The Real Work of the Theosophical Society - N. Sri Ram

An Address Delivered to the Australian Section Convention in March 1970.

Perhaps the most useful subject to discuss at a Convention like this would be the real work of the Theosophical Society, especially in relation to the present times. The Society was not founded as a movement to teach people to be good in the conventional sense—that is, not rob, murder, deceive, or perpetrate such patently injurious acts as unfortunately are very prevalent in these days. Nor was this Society meant to be a school of occultism. A letter from one of the Mahatmas makes that very clear. He says: “Rather perish the T. S. with both its hapless Founders than that we should permit it to become  no better than an academy of magic, a hall of occultism.” These are striking and ringing words. Nor is the Society meant merely to satisfy intellectual curiosity or provide a forum to amuse ourselves when we feel bored by discussing various intellectual themes. It was founded with the exalted purpose of promoting the spiritual regeneration of man. But then we have to understand what this regeneration means and how it is to take place.

 

The First Object of the TS, the universal brotherhood of humanity, which was introduced some years after the Society came into existence, was insisted upon by the Adepts as a necessary base for the promotion of its high aim, namely the radical transformation of humanity, its whole nature, mode of conduct and future. If we bear this in mind, then we can find out what line of activity would be most worth pursuing at any time. There are members who say

“We have the three Objects of the Society—are they not sufficient? They are comprehensive and therefore they must be sufficient.”

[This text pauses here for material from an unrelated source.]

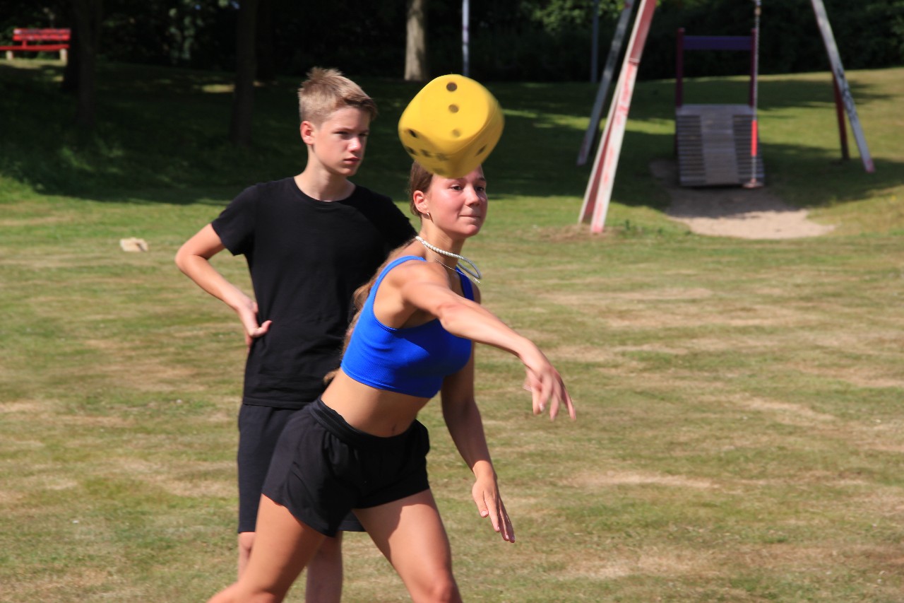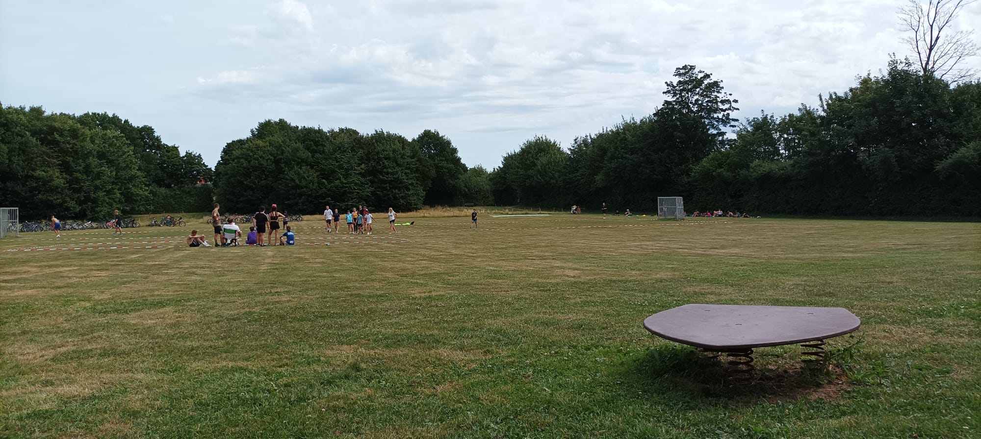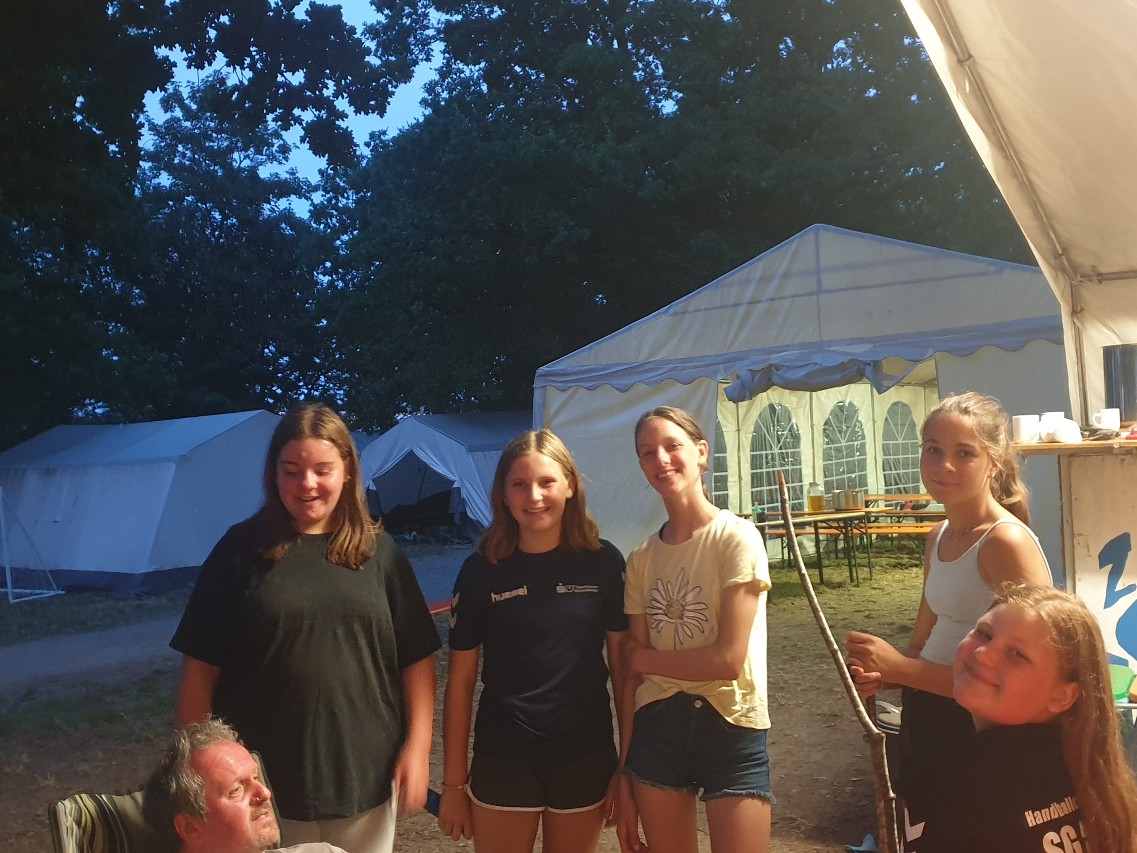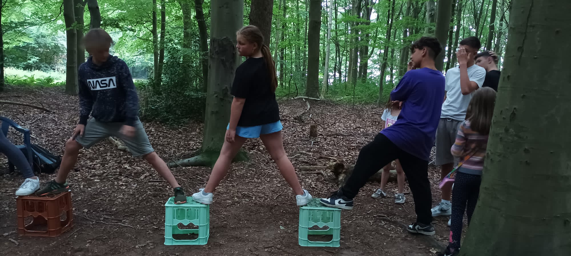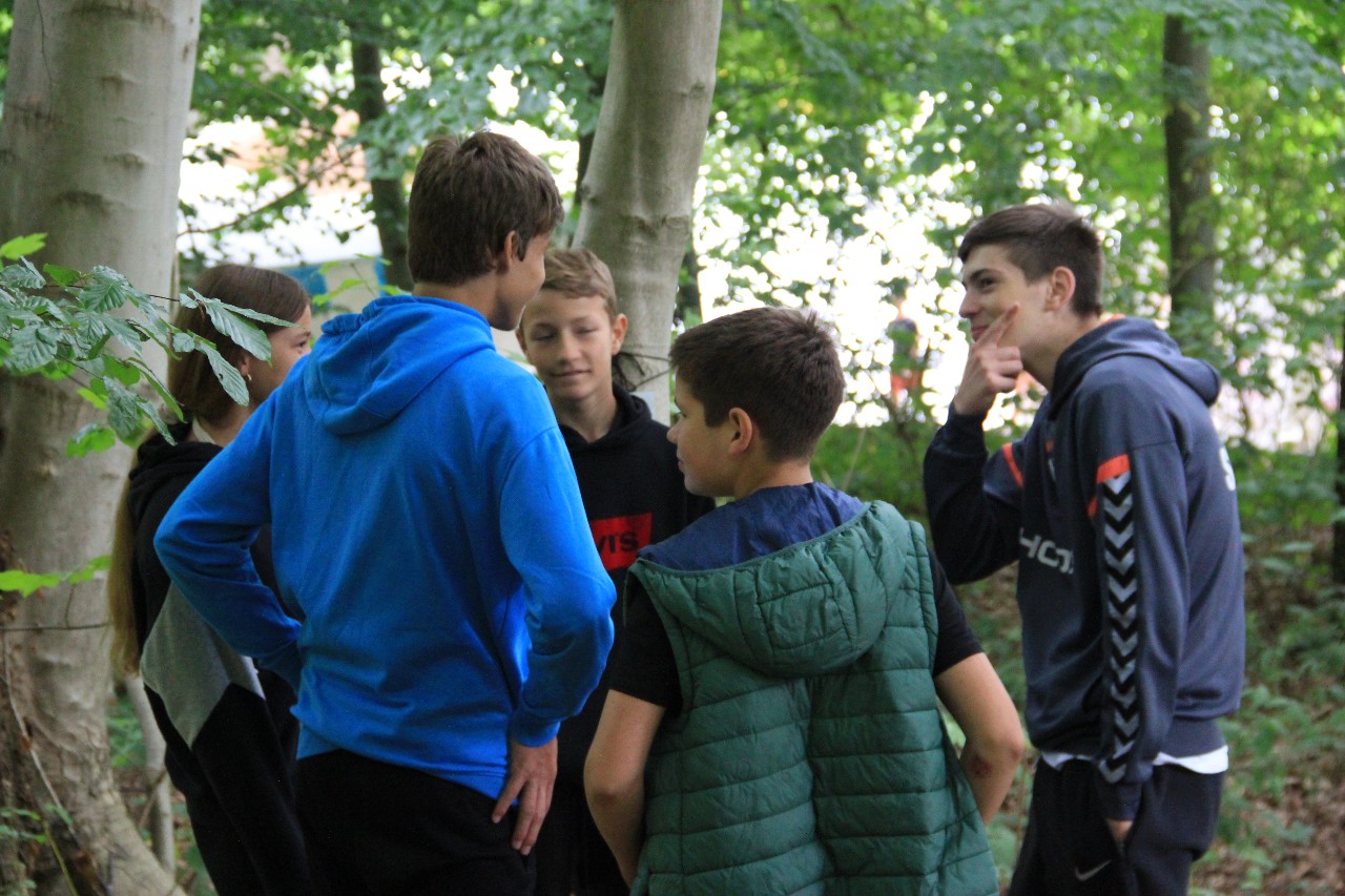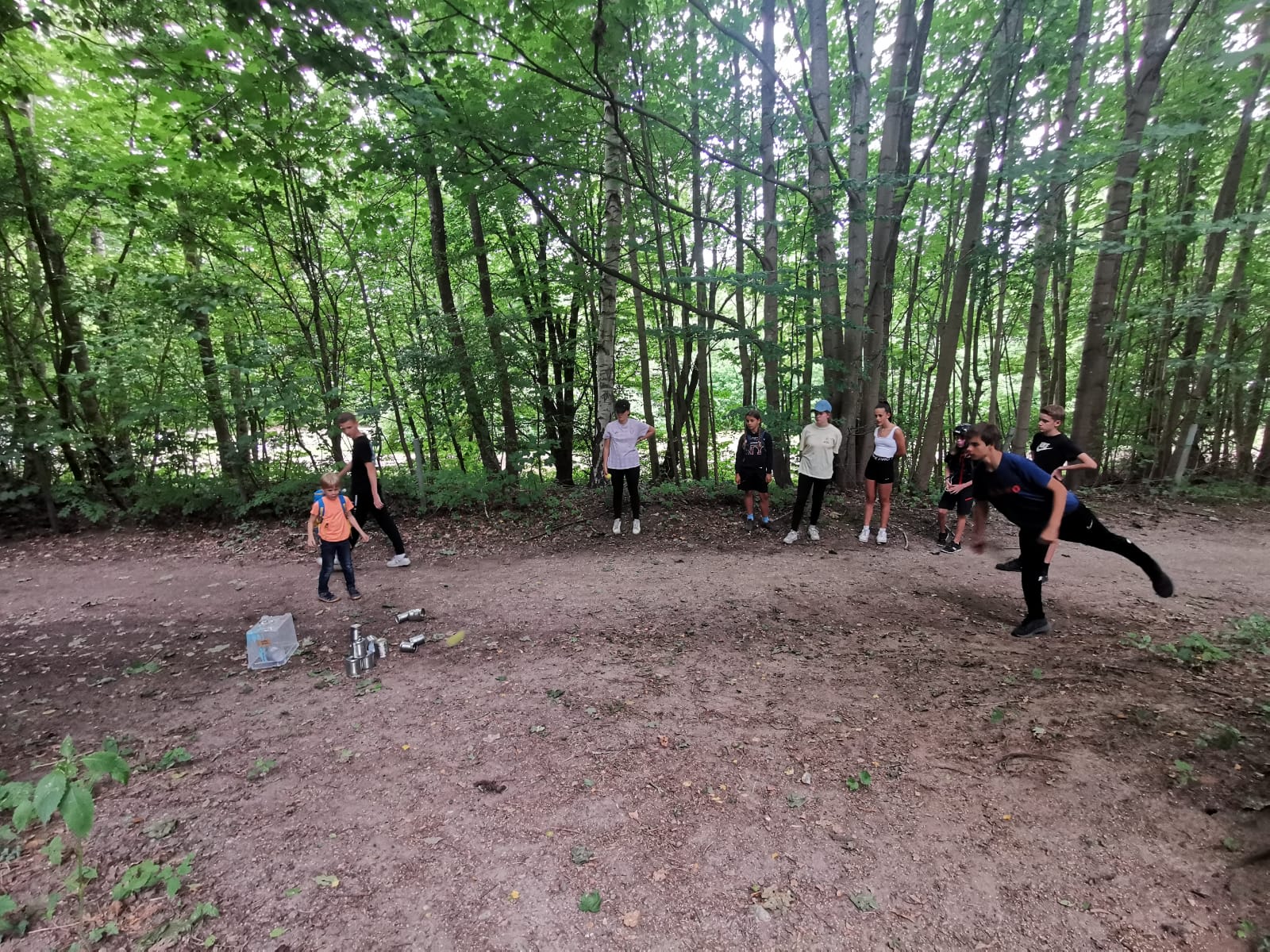 Heute Morgen wurden wir um 7:15 Uhr mit lauter Musik geweckt. Anschließend gab es leckeres Frühstück. Danach sind wir 10 Minuten mit dem Fahrrad auf eine große Wiese gefahren. Wir haben über den Vormittag einen Sportag gemacht. Hierbei haben wir Fußball, Völkerball und Minispiele gespielt! Das war lustig und schön. Als wir gegen 13:15 Uhr am Zeltplatz waren, gab es gleich Bauernfrühstück. Es hat sehr lecker geschmeckt.

But, then, they are so worded, so elastically phrased, that almost any good work, whether humanitarian, or intellectual, or of the nature of psychic research, can be brought under their blanket. There are many other bodies engaged along these lines. Are we merely to duplicate their work along lines intellectual, philosophical, psycho-analytical, and so forth? Or is it something else to which we are called?

Universal brotherhood is an idea now widely accepted, even though it is accepted only verbally and not in practice. But then there are our critics who say—and their charge has a certain validity—that we ourselves merely make this universal brotherhood a motto to be realized in due course. When we say “in due course” it gives us an indefinite length of time and all sense of urgency disappears. We can come to it as gradually as we like, without suffering any inconvenience.

If we take the Second Object of the TS—the comparative study of religion, science and philosophy—we find that there are many academic bodies engaged in just doing that. They compare Hinduism with Buddhism, Christianity with Mithraism, and so forth. They aim at pointing out similarities and dissimilarities between these different systems of thought. They also correlate the ideas of science with those of philosophy, both ancient and modern, as a purely intellectual exercise. There are numerous societies engaged in psychical research, of one sort or another. But where does all this lead? Our life goes on in much the same fashion as before with its sorrows, problems, emptiness and frivolity. 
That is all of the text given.